Delatour, sensible à ce magnétisme, ne s’irrita point du conseil que contenaient les paroles de son ami.
L’esprit captivé tout entier par l’étude des grands problèmes sociaux qui causaient le bouleversement de son pays, il n’avait point eu le temps jusque-là d’apprendre la douce leçon que donne un amour profond, humain et passionné. À présent, Juliette personnifiait à ses yeux ses rêves les plus beaux, mais en pensée il la voyait tellement au-dessus de lui qu’il eût à peine souffert si on lui avait démontré qu’elle était hors de sa portée. Dans un cœur satisfait par ce culte quasi médiéval, les paroles de Blakeney venaient de soulever pour la première fois le désir de quelque chose d’autre, quelque chose à la fois de plus faible et d’infiniment puissant, quelque chose de plus terrestre et pourtant de presque divin.
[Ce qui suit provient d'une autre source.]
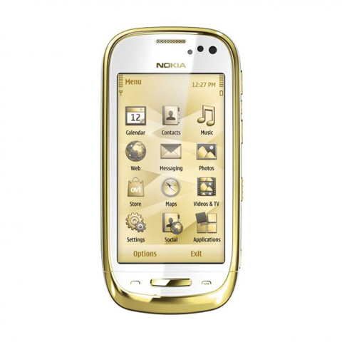 Nokia vừa tung ra thị trường chiếc Oro, phiên bản C7 với bộ khung được mạ 18 carat vàng, kết hợp với đá sapphire và da cao cấp.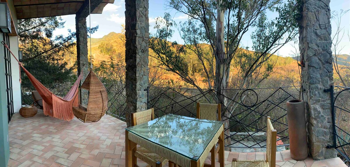 Dağa baxan sakit bir bağla əhatə olunmuş ikimərtəbəli banqalo. Alt mərtəbədə mətbəx, yemək otağı, divan-kreslo və hamam-tualetlə təchiz olunub. Yuxarı mərtəbədə kraliça böyüklüyündə çarpayı və iş yeri olan geniş divar örtüyü var. Qonaqlama sərin və yaxşı işıqlandırılır. Çöldə iki kölgəli terras və sabit üzgüçülük üçün təchiz edilmiş mini üzgüçülük hovuzu var. Oaxaka şəhərinin mərkəzindən 20 dəqiqəlik məsafədə yerləşir.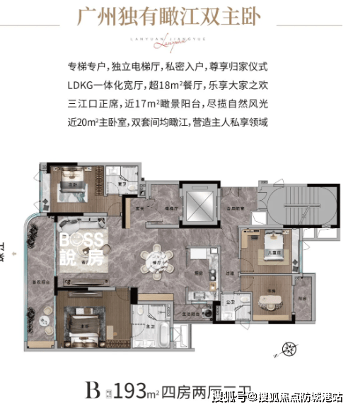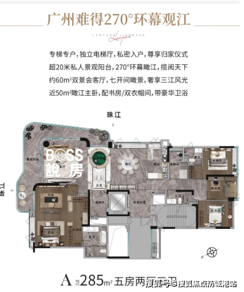 兰园江悦整体建筑规划为18层低密小高层住宅,仅68户,采用一梯一户设计,确保私密性及居住纯粹性。项目仅提供193㎡及285㎡两种江景大平层户型,布局科学合理。每户均为江景全景设计,开平式隐形门、总统套房奢阔尺度、LDKG大宽厅、望江双主套、保姆间等功能区齐全,兼顾舒适、私密及社交空间。285㎡大宅会客厅面积约60㎡,弧形转角阳台270°俯瞰珠江,采光通风极佳,视觉体验优越。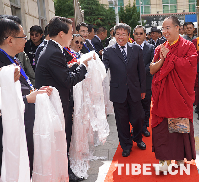 十一世班禪與前來迎接的山南市有關(guān)領(lǐng)導(dǎo)握手致意。攝影:王淑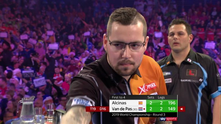 This time Alcinas had no answer, allowing Van de Pas to pin the double required and reach the last 16 where he will face Brendan Dolan.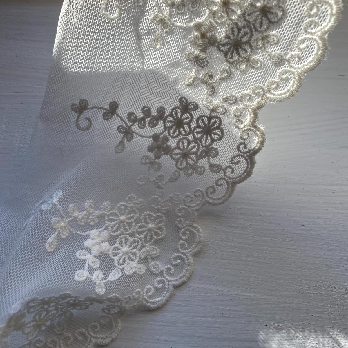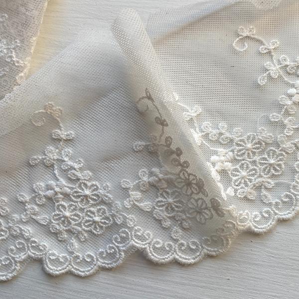 Tulle dentelle très large (12 cm), prix indiqué pour un mètre. La couleur noire parait claire sur la photo mais en réalité, c'est un noir profond.
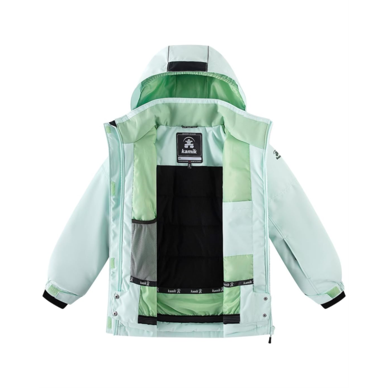 - Kamik Kids Carina is a waterproof, breathable cold-weather jacket perfect for all outdoor activities. The soft fleece jacket features a detachable fleece-lined hood with rear drawcord adjustment, long sleeves with adjustable touch-fasten cuffs, and a zippered front closure.
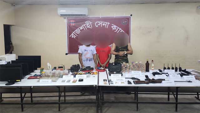 রাজশাহী নগরের বোয়ালিয়া থানাধীন দরিখরবোনা এলাকায় বিশেষ অভিযান চালিয়ে অবৈধ অস্ত্র ও বিস্ফোরক সংশ্লিষ্ট কার্যক্রমে জড়িত সন্দেহভাজন তিনজনকে আটক করেছে সেনাবাহিনী। এ সময় তাদের কাছ থেকে বিপুল পরিমাণ অস্ত্র ও বিস্ফোরক উদ্ধার করা হয়।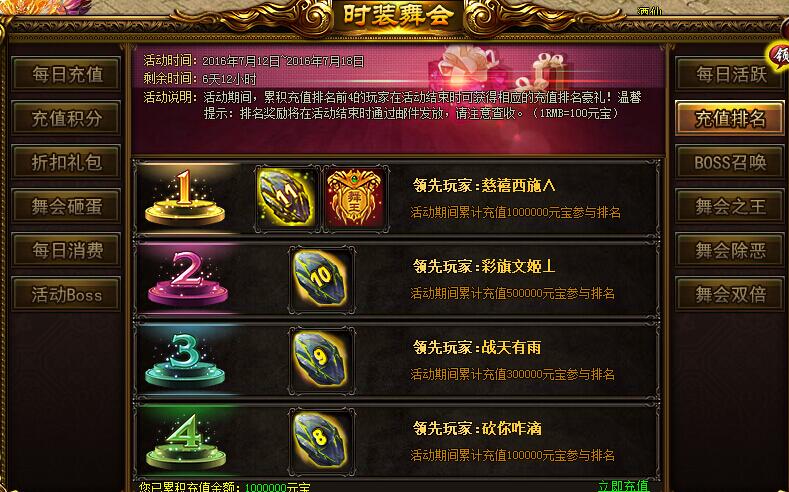 活动期间,累计充值排名前4的玩家在活动结束时可获得相应的充值排名豪礼!温馨提示:排名奖励将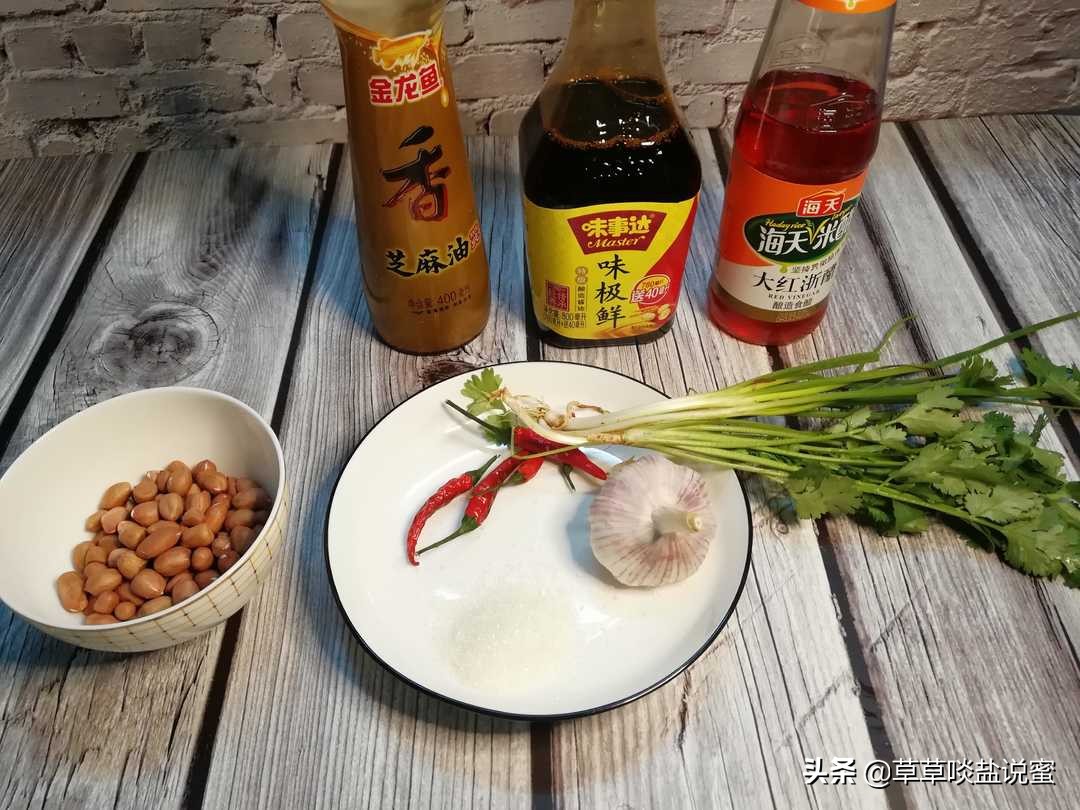 大红浙醋、生抽、芝麻油、白砂糖、花生米、辣椒米、蒜泥、小葱、芫荽等。

– Eh bien ! allons-nous retrouver ces dames ? proposa Blakeney après une longue pause durant laquelle le travail de son esprit actif se devinait dans le regard profond qu’il attachait sur son ami. Conservez donc vos documents dans ce bureau, donnez-en la garde à Mlle de Marny, et, si un jour, la créature idéale assise sur les nuages vient à choir sur la terre, donnez-moi, alors, le privilège d’être témoin de votre bonheur.
– Je vois que vous n’êtes pas convaincu, Blakeney, fit Delatour d’un ton léger. Si vous dites un mot de plus, je confie tous mes papiers à Mlle de Marny jusqu’à demain.